= Problem description =
The line containing "Personalised glass coasters" marks the end; write out exactly every line from the start of the data up to and including it, without the pictures.

***

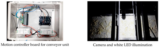 The software was equipped with several critical functionalities to enhance the user experience. The “Find Camera” button allowed the system to verify camera connectivity, ensuring the detection process could begin without technical issues. Upon activation of the motor and opening of the camera, the conveyor belt was synchronized with the camera’s operation, enabling smooth real-time detection. The system displayed a field of view (FOV) of 15 × 30 cm, where the detection process occurred at a rapid speed of 0.025 s per frame, ensuring that even high-throughput operations could be handled effectively. To mitigate potential interference from external light sources, the detection setup, illustrated in Figure 11, included strategically placed white LED lights and cameras within a controlled darkroom environment. This setup ensured that the detection was not compromised by varying light conditions, a critical consideration in ensuring consistent performance in diverse processing environments.
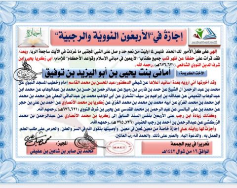 Ijaaza Al-Arbaoun Al-Nawawiyya wa Al-Rajabiyya
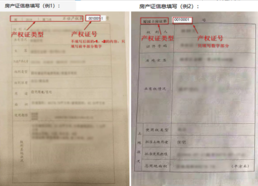2.产权证号的位置就在产权证第一页的第一行(图13),产权证号或合同编号若有英文字母请用大写。产权证号不要填写“ 第 ”、“号”、“-1”、“-2”,否则系统无法核查到房产数据。
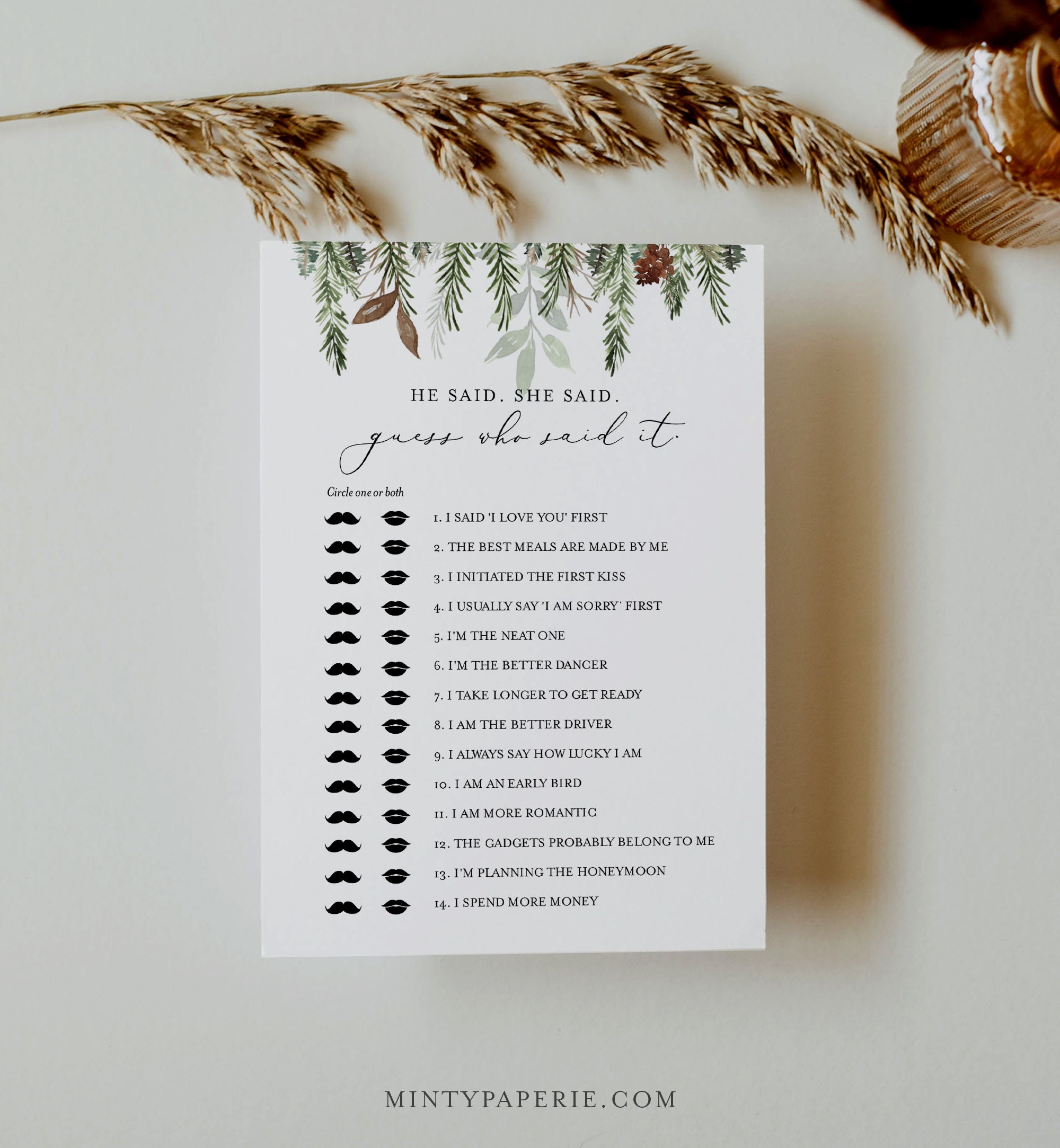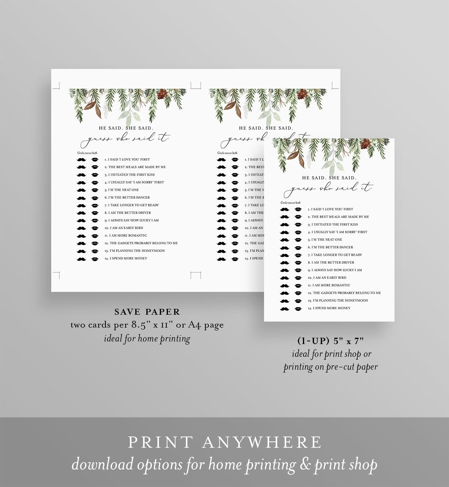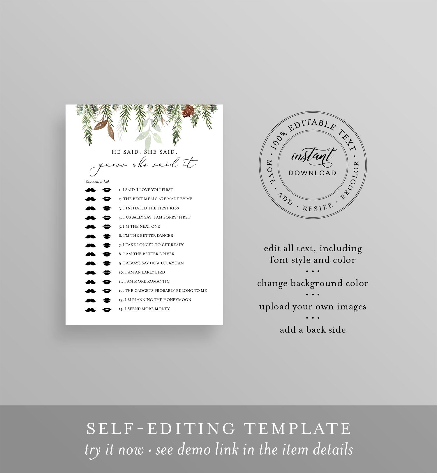 This "He Said. She Said. Guess Who Said It" bridal shower game is an instant download. Access your template within minutes of purchase and edit in Templett - A fully customizable template editor that allows you to personalize your printable directly in your web browser. No software to install or fonts to download.
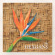 Personalised glass coasters feature your last name and an exotic tropical bird of paradise watercolor flower on a woven wicker background. MATCHING items in our store.
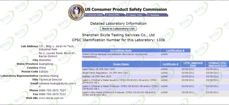 As the leader and the innovator in inspection, verification, testing and certification field in China, Skyte Testing Services Guangdong Co., Ltd.(SKYTE) is a branch testing institute found by a national chemical testing center (China National Analytical Center Guangzhou, NACC) in Shenzhen. It has been accredited by CNAS (L4549)、CMA(2010191807Z)and CPSC(1336).With the recognition of its certifications by ILAC-MRA
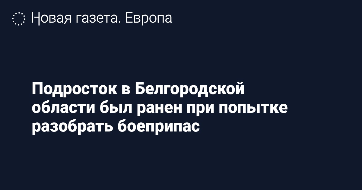 В Белгородской области пострадал подросток, который пытался разобрать боеприпас, сообщил губернатор региона Вячеслав Гладков.
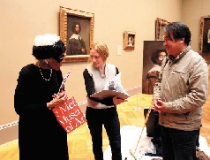 著名画家吴汉华与美国大都会临摹部主任罗德里格女士、美国艺术家在一起艺术交流。
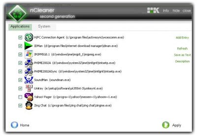 Thẻ Startup Man hiển thị danh sách các chương trình tự động chạy cùng hệ thống. Đây cũng là một trong những nguyên nhân gây chậm trễ khi khởi động máy tính. Mặc định, các chương trình đang chạy sẽ được đánh dấu bằng dấu tích hình chữ "v". Bạn có thể bỏ chọn những chương trình không cần thiết và nhấn Apply để nCleaner tự động loại bỏ chúng. Ngoài ra, bạn cũng có thể thêm các chương trình muốn chạy cùng hệ thống bằng cách nhấp chọn Add entry.
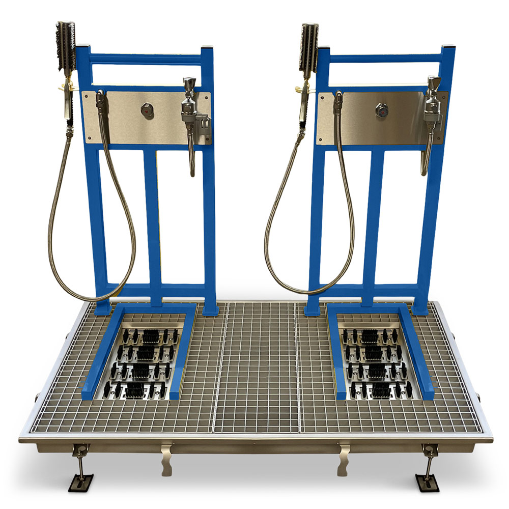 The stainless steel tub of the shoe washing system has a central drain with a removable stainless steel grate in the centre. This grate is equipped with an integrated

***

= Task output =
 The software was equipped with several critical functionalities to enhance the user experience. The “Find Camera” button allowed the system to verify camera connectivity, ensuring the detection process could begin without technical issues. Upon activation of the motor and opening of the camera, the conveyor belt was synchronized with the camera’s operation, enabling smooth real-time detection. The system displayed a field of view (FOV) of 15 × 30 cm, where the detection process occurred at a rapid speed of 0.025 s per frame, ensuring that even high-throughput operations could be handled effectively. To mitigate potential interference from external light sources, the detection setup, illustrated in Figure 11, included strategically placed white LED lights and cameras within a controlled darkroom environment. This setup ensured that the detection was not compromised by varying light conditions, a critical consideration in ensuring consistent performance in diverse processing environments.
 Ijaaza Al-Arbaoun Al-Nawawiyya wa Al-Rajabiyya
2.产权证号的位置就在产权证第一页的第一行(图13),产权证号或合同编号若有英文字母请用大写。产权证号不要填写“ 第 ”、“号”、“-1”、“-2”,否则系统无法核查到房产数据。
 This "He Said. She Said. Guess Who Said It" bridal shower game is an instant download. Access your template within minutes of purchase and edit in Templett - A fully customizable template editor that allows you to personalize your printable directly in your web browser. No software to install or fonts to download.
 Personalised glass coasters feature your last name and an exotic tropical bird of paradise watercolor flower on a woven wicker background. MATCHING items in our store.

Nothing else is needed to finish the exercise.